Thanks for the help.


----------



## soloam (Apr 21, 2008)

For example, this image was printed in my printer and came out very dark (the original version, this image was resized to fit the forum), the image in my monitor is good, not perfect, but I don't see it dark, like the photo was taken in bad lighting conditions.

Can you people that have calibrated the monitor see the photo and post back a comment to see if in your display the image dark?

Thanks For The Help


----------



## RipIt (Apr 21, 2008)

The photo is fine

Calibration of the monitor, while a useful step in the workflow, is not your problem here. The problem is that Lightroom doesnt know where the profile is for the printer.

That is assuming you have installed the printer profiles, not just the driver.

A Mac has several profiles for multiple printers located in its Library/Printers folder regardless of whether the user has those printers or not.

You can either move those profiles for the Brother printer to the User/Library/Colorsync/profiles folder or install the profiles that may have come with your printer.


Once they are in the right place Lightroom will be able to see them. The "generic" profiles on your system may get you closer, and perhaps close enough for you, but the specific profiles for your printer will be better.

The Brother website doesnt have any details regarding icc profiles




After posting I see you have a windows system so the Library/colorsync info wont help you. 

Search for brother profiles on your system.
What printer did you use to get good results (your friends)


----------



## Victoria Bampton (Apr 21, 2008)

From memory, the ICC profile path is something like c:/windows/system32/spool/drivers/color..... or something along those lines!

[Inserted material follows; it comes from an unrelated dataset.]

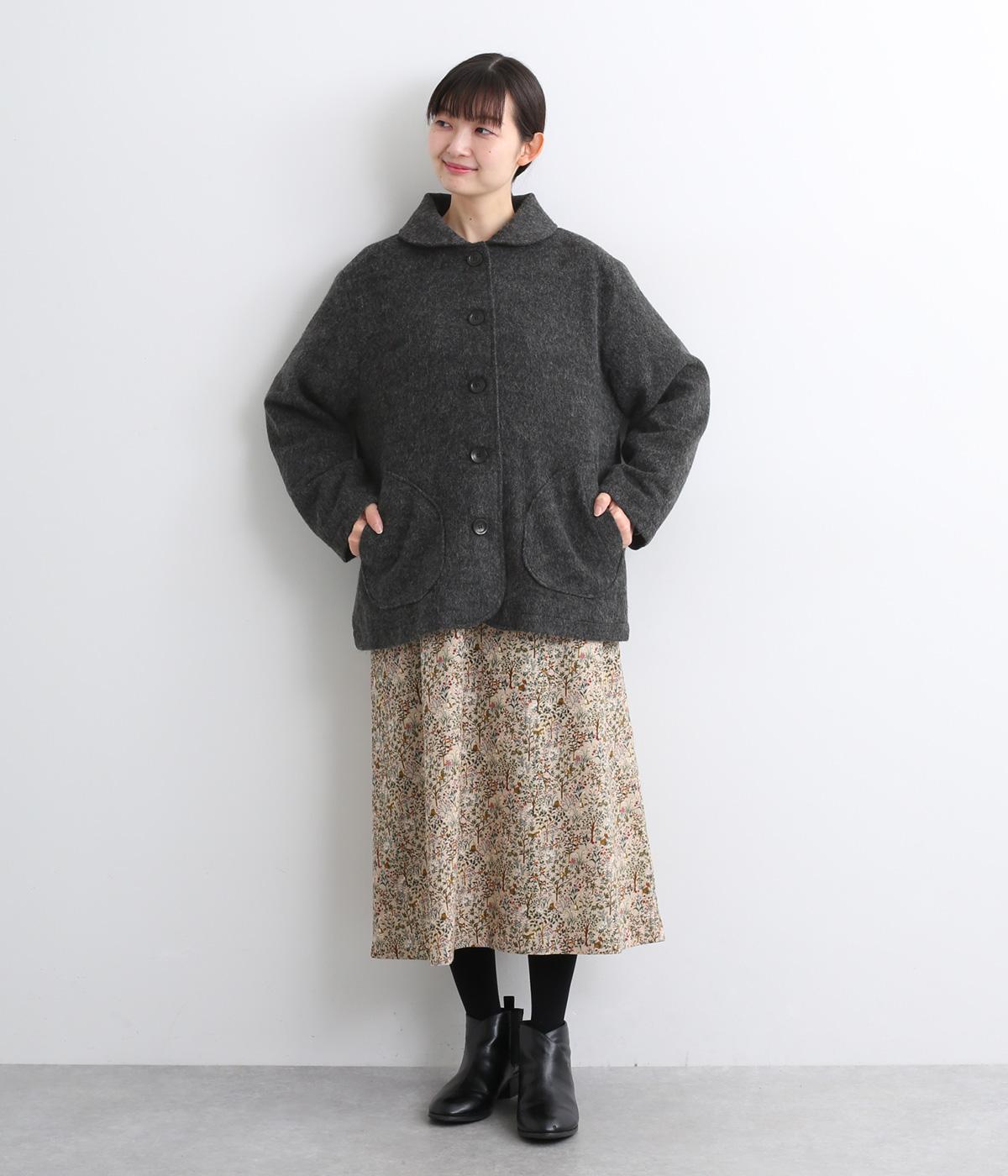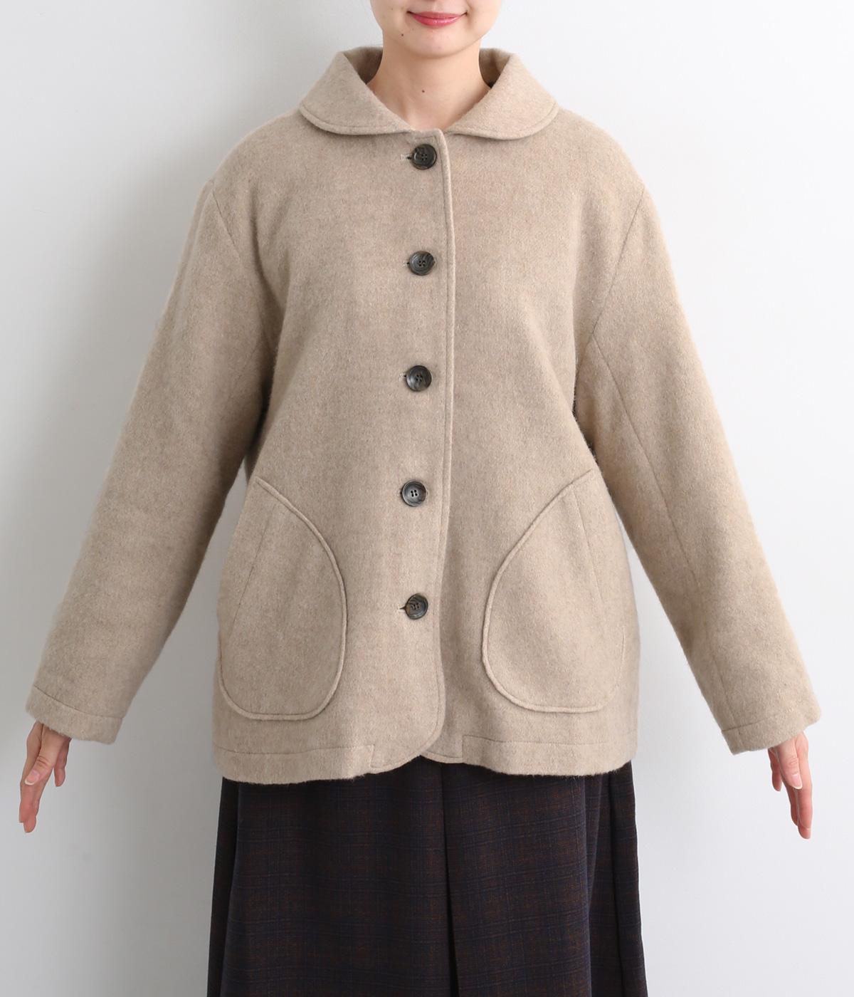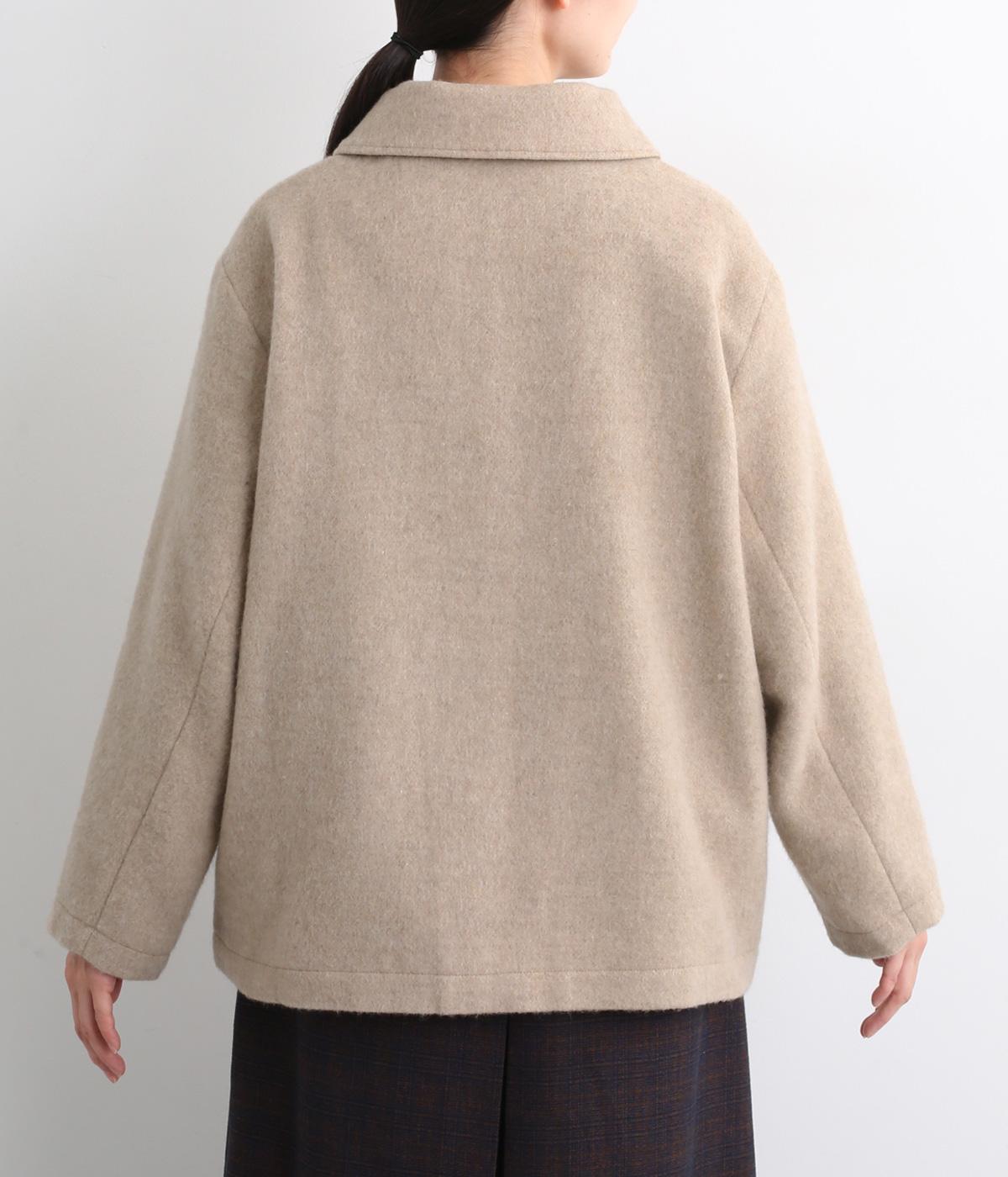 リサイクルウールを用いたビーバー素材を使用。ふんわりなめらかな肌ざわりで、起毛感と光沢感を備えたあたたかい生地です。すべりの良い裏地つきで袖通りも快適。

You could also try setting LR to feed sRGB data to the printer, and letting the printer manage the colours, and see if that gets you close enough.


----------



## soloam (Apr 22, 2008)

I must get the ICC profiles and put them in that folder so that LR can recognise my printer details?

Thanks For The Help


----------



## Brad Snyder (Apr 22, 2008)

Yes, that's the preferred method for best print results.


----------